[[ DATASET RECORDS open ]]

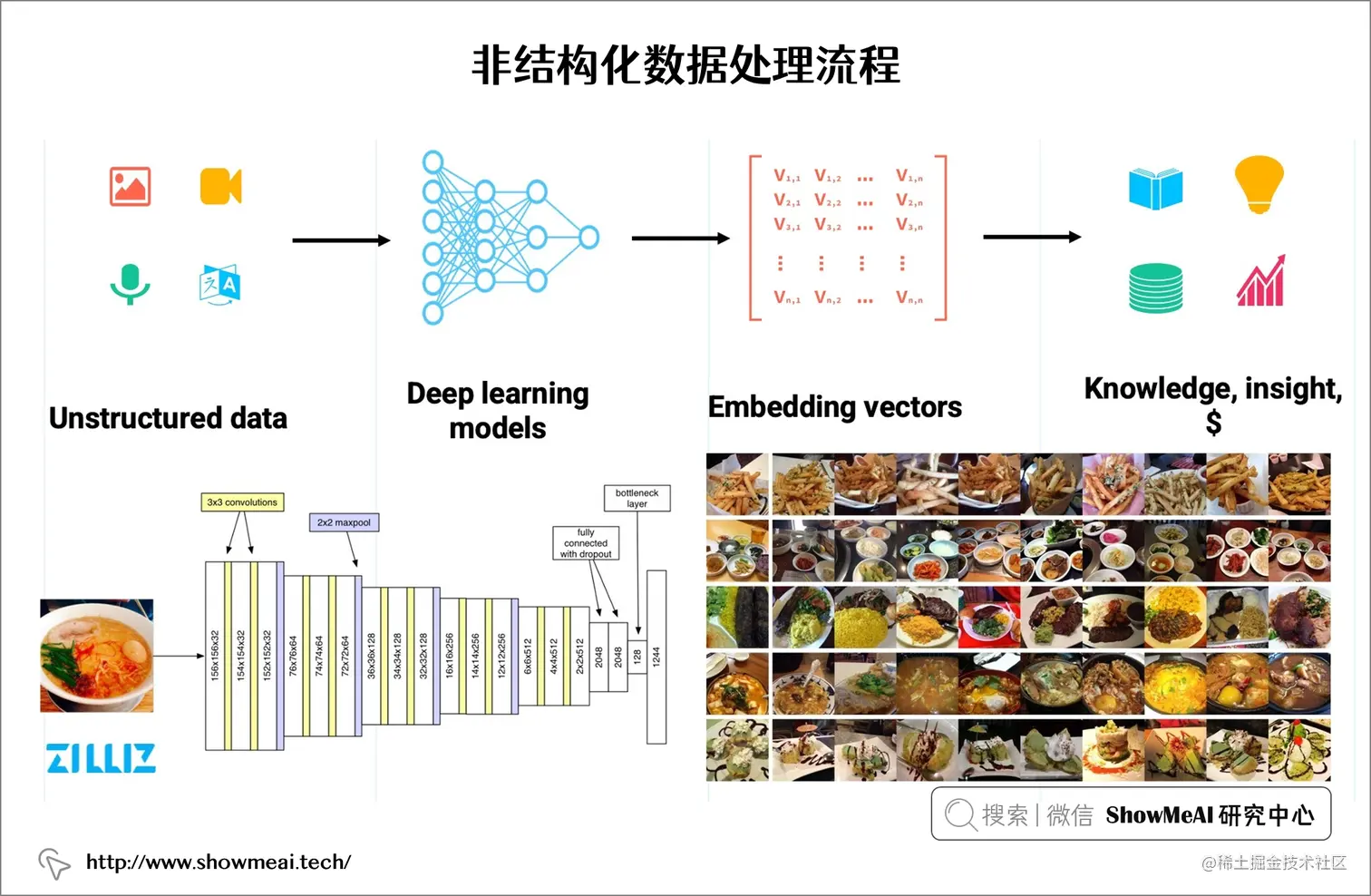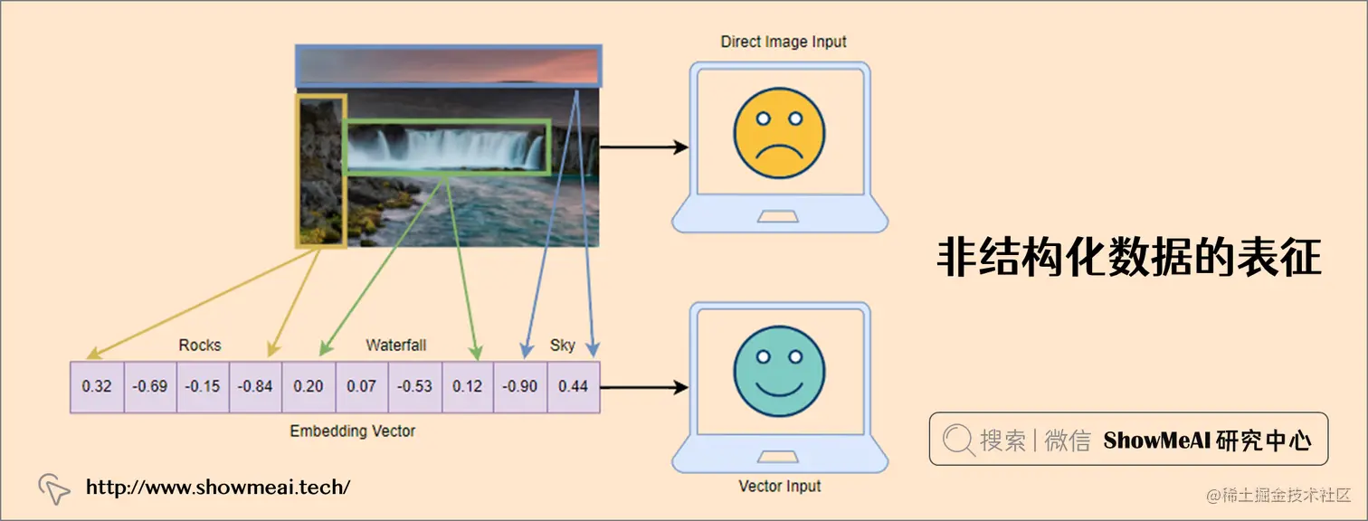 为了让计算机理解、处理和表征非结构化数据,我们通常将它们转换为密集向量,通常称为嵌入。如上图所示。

[[ DATASET RECORDS closed ]]
[[ DATASET RECORDS open ]]

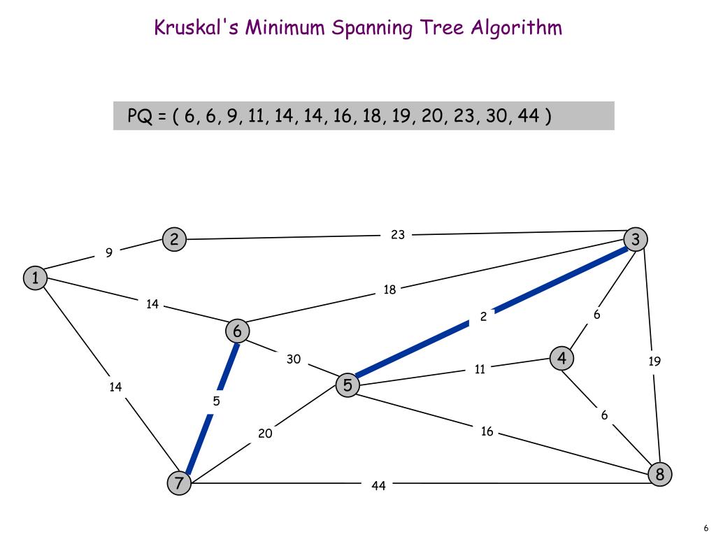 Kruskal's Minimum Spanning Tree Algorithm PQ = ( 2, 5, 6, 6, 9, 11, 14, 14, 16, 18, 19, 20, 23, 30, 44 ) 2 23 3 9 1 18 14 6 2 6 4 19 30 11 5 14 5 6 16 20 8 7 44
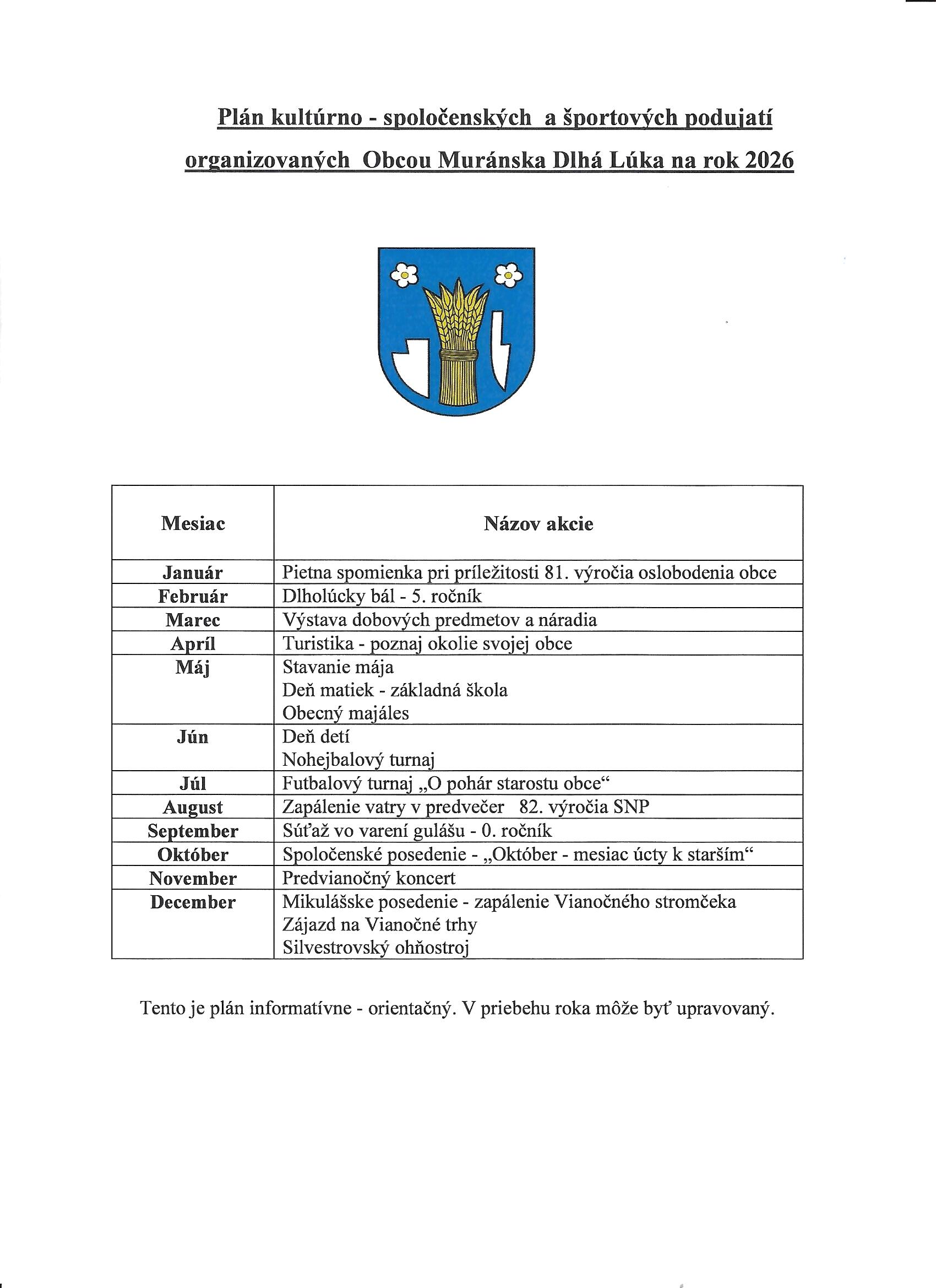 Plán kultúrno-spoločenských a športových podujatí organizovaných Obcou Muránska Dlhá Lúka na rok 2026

[[ DATASET RECORDS closed ]]

**AIM OF THE EXERCISE:**
Would you restate, exactly and with no pictures, the lines of the entries above from the one containing "Kruskal's Minimum Spanning" through the one containing "Plán kultúrno-spoločenských a"?

**ANSWER TO THIS EXERCISE:**
 Kruskal's Minimum Spanning Tree Algorithm PQ = ( 2, 5, 6, 6, 9, 11, 14, 14, 16, 18, 19, 20, 23, 30, 44 ) 2 23 3 9 1 18 14 6 2 6 4 19 30 11 5 14 5 6 16 20 8 7 44
 Plán kultúrno-spoločenských a športových podujatí organizovaných Obcou Muránska Dlhá Lúka na rok 2026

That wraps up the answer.